Koloniale Orte in Tübingen: Digitale Stadtkarte des Stadtmuseums
Pressemitteilung vom 06.04.2023
Tübingen und der Kolonialismus: Was hat eine schwäbische Provinzstadt mit europäisch besetzten Ländern im Globalen Süden zu tun? Erstaunlich viel. Im vergangenen Jahr ist das Stadtmuseum Tübingen den Spuren der Kolonialzeit nachgegangen und dabei an vielen Orten fündig geworden. Die Kolonialgeschichte Tübingens lässt sich jetzt auf einer neuen digitalen Stadtkarte erkunden, die unter www.koloniale-orte-tuebingen.de abrufbar ist.
„Kolonialismus spielt sich nicht nur an fernen Orten ab. Wer vor der eigenen Haustür sucht, findet Spuren der Kolonialzeit überall“, sagt Projektleiterin Dr. Evamarie Blattner. Die digitale Stadtkarte enthält Informationen zu 19 verschiedenen Orten in Tübingen, die einen Bezug zur Kolonialgeschichte haben. Texte und Bilder berichten von Kolonialgouverneuren und falschen Generälen, von Bierbrauern in China und Missionaren in Zentralafrika, von kolonialen Waren in Feinkostgeschäften und von Palmenhäusern, aber auch von Forschungsexpeditionen und Völkermorden.
Bereits im Sommer 2022 hatte das Stadtmuseum 13 Stelen an kolonialen Orten im Tübinger Stadtgebiet verteilt und dazu gut besuchte Stadtführungen veranstaltet. Viele Bürger_innen brachten ihre kolonialen Geschichten und Gegenstände zu Workshops ins Museum. Die Ergebnisse aus den Workshops, die Informationen der Stelen und weiterführendes Material finden sich nun auf der digitalen Stadtkarte wieder. Das Projekt „Koloniale Orte in Tübingen“ entstand in Kooperation mit dem Deutschen Seminar der Universität Tübingen und wurde entwickelt im Rahmen von „dive.in. Programm für digitale Interaktionen“ der Kulturstiftung des Bundes, gefördert durch die Beauftragte der Bundesregierung für Kultur und Medien (BKM) im Rahmen Neustart Kultur.
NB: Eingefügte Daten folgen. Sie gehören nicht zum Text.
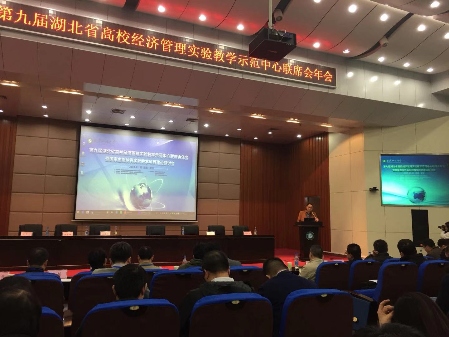第九届湖北省高校经济管理实验教学示范中心联席会暨国家虚拟仿真实验教学项目建设研讨会于2018年11月25日在武汉科技大学隆重举行,中心主任余振教授主持示范中心主任会议,武汉科技大学恒大管理学院院长邓旭东教授等主持联席会,武汉大学经济与管理国家级实验教学示范中心执行主任张东祥教授作联席会工作报告。副院长柯珍堂代表黄冈师范学院海角热点最新消息经济管理与创业实验教学中心在大会上作交流发言,我院实验室主任纪关心老师一同出席会议。

Als nächstes beschäftigt sich das Stadtmuseum mit postkolonialen Herausforderungen und nimmt die postkoloniale Geschichte Tübingens ab 1945 und die Auswirkungen in der Stadt bis heute in den Fokus. Die Mitarbeiter_innen recherchieren umfassend in Archiven und betreiben Feldforschung. Im Laufe des Jahres finden Workshops, Vorträge und Führungen statt. Dafür erhält das Stadtmuseum eine Förderung durch den Innovationsfonds Kunst des Ministeriums für Wissenschaft, Forschung und Kunst Baden-Württemberg. Die Ergebnisse beider Projekte werden schließlich in der neuen Dauerausstellung zur Stadtgeschichte zu sehen sein.